For mouse plasma measurements, PPP was isolated as described above, and IL-6 (1:2 plasma dilution) (Abcam) and PAP (1:100 plasma dilution) (Biotang USA) were measured by validated ELISA. Mouse complete blood counts were measured using the Forcyte Hematology Analyzer (Oxford Science) at the Vanderbilt University Medical Center Translational Pathology Shared Resource.

Statistics. Power sample calculations were conducted using PS version 3.1.6 for both human and animal experiments. For humans, based on the difference of means, SD, and cohort ratio for the different measures, for α = 0.05 and power = 0.80, the minimum sample size for each group was 7. For animal experiments, in order to detect a difference between treatment groups with α = 0.05 and power = 0.80 and a ratio of 1:1 for all groups, the minimum sample size required was 4.

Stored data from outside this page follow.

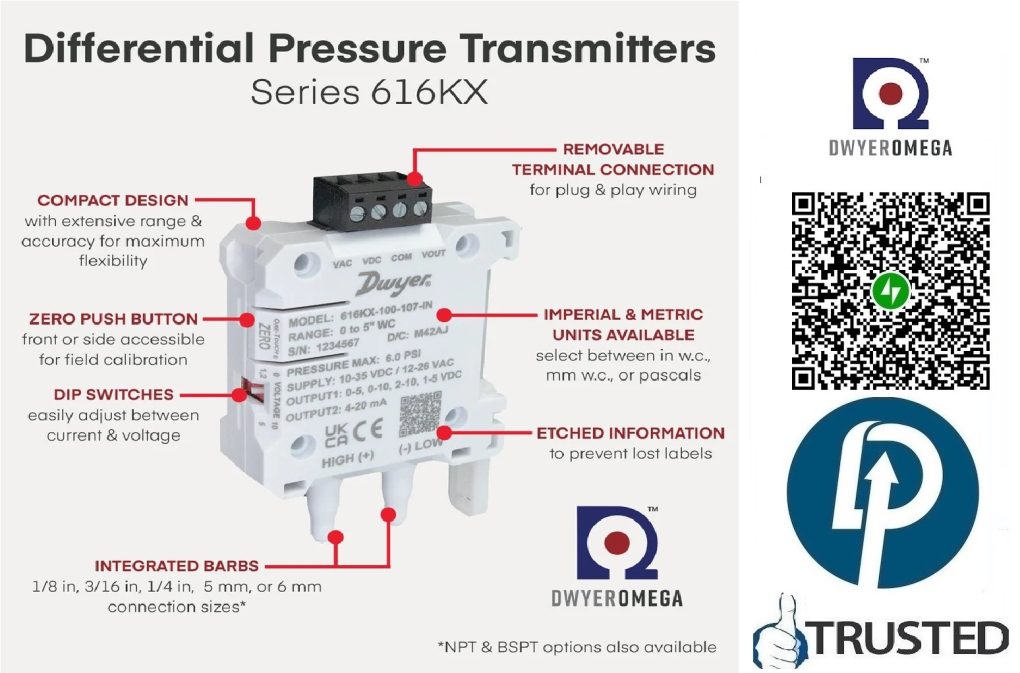 The 616KX Series Differential Pressure Transmitters Offer Installers and Maintenance Professional’s Maximum Flexibility in Pressure Ranges within a compact design. As Dwyer’s smallest differential pressure transmitter,it ensures Simplicity With an Edge-Mounted Push-Button Zero For Easy access in any mounting configuration and features field-selectable output signals.The molded housing supports three sizes of both imperial and metric process connections, with optional 1/8″ NPT or BSPT Threaded models, ensuring easy and flexible process connections.
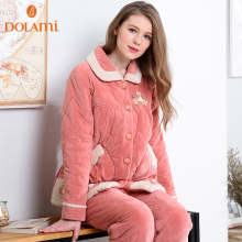 多拉美冬季女士三层珊瑚绒夹棉睡衣女冬加厚法兰绒夹棉家居服套装
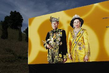 配合4月11日國家元首登基儀式,吉隆坡通往國家皇宮的路口早已設立起一個巨型廣告看板,板上附上國家元首端姑阿都哈林(左)和元首後端姑哈米娜的肖像。(圖:馬來西亞星洲日報)
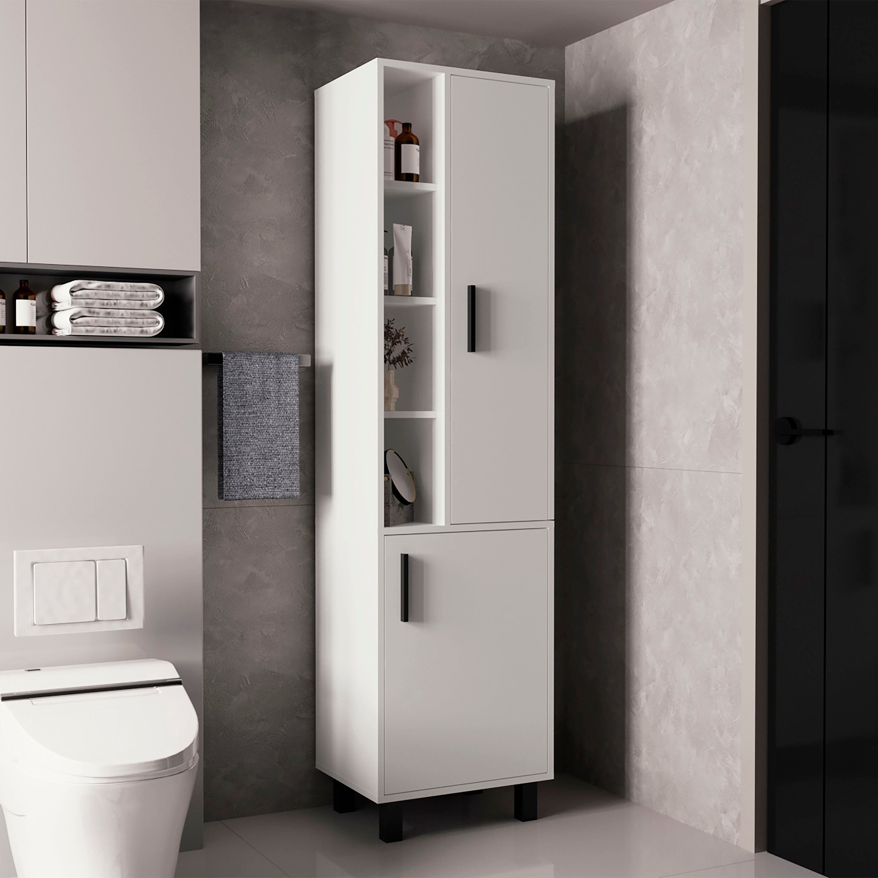 Stanton Tall Storage Cabinet With Two Doors And Three Open Shelves - N/A
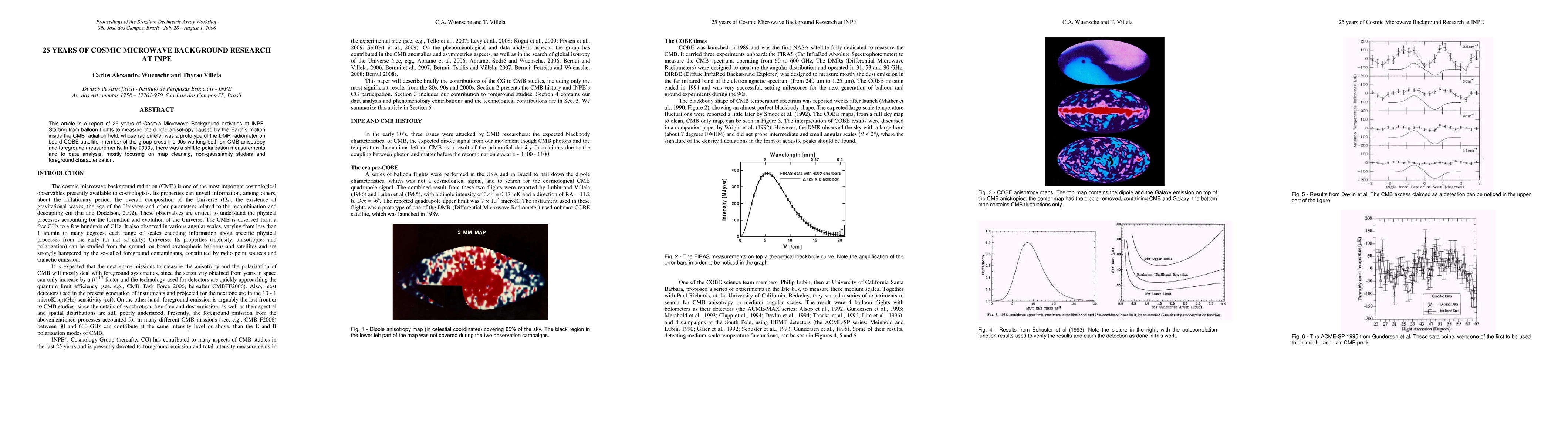 This article is a report of 25 years of Cosmic Microwave Background activities at INPE. Starting from balloon flights to measure the dipole anisotropy caused by the Earth's motion inside the CMB radiation field, whose radiometer was a prototype of the DMR radiometer on board COBE satellite, member of the group cross the 90s working both on CMB anisotropy and foreground measurements. In the 2000s, there was a shift to polarization measurements and to data analysis, mostly focusing on map cleaning, non-gaussianity studies and foreground characterization.

To compare groups at different time points with a control group in both humans and animals, Kruskal-Wallis tests were performed with post hoc Dunn’s test to correct for multiple comparisons. Pearson’s correlation was used to determine a linear associative relationship between variables, including plasmin activation, inflammation, coagulopathy, and patient outcomes. For Kaplan-Meier analysis, a log-rank test was used to determine predictors of mortality within 7 days of burn. To compare injury or treatment groups at multiple time points in animal experiments, multiple Mann-Whitney U tests were performed with Holm-Sidak correction for multiple comparisons between groups over time. For comparison of repeated measures over time, a repeated-measures ANOVA was performed. All tests were performed in GraphPad Prism version 9.1.2.

Study approval. All human study procedures were approved by the Vanderbilt University Medical Center IRB (protocol no. 150751). All animal study procedures were approved by the VUMC IACUC (protocol no. M1800154).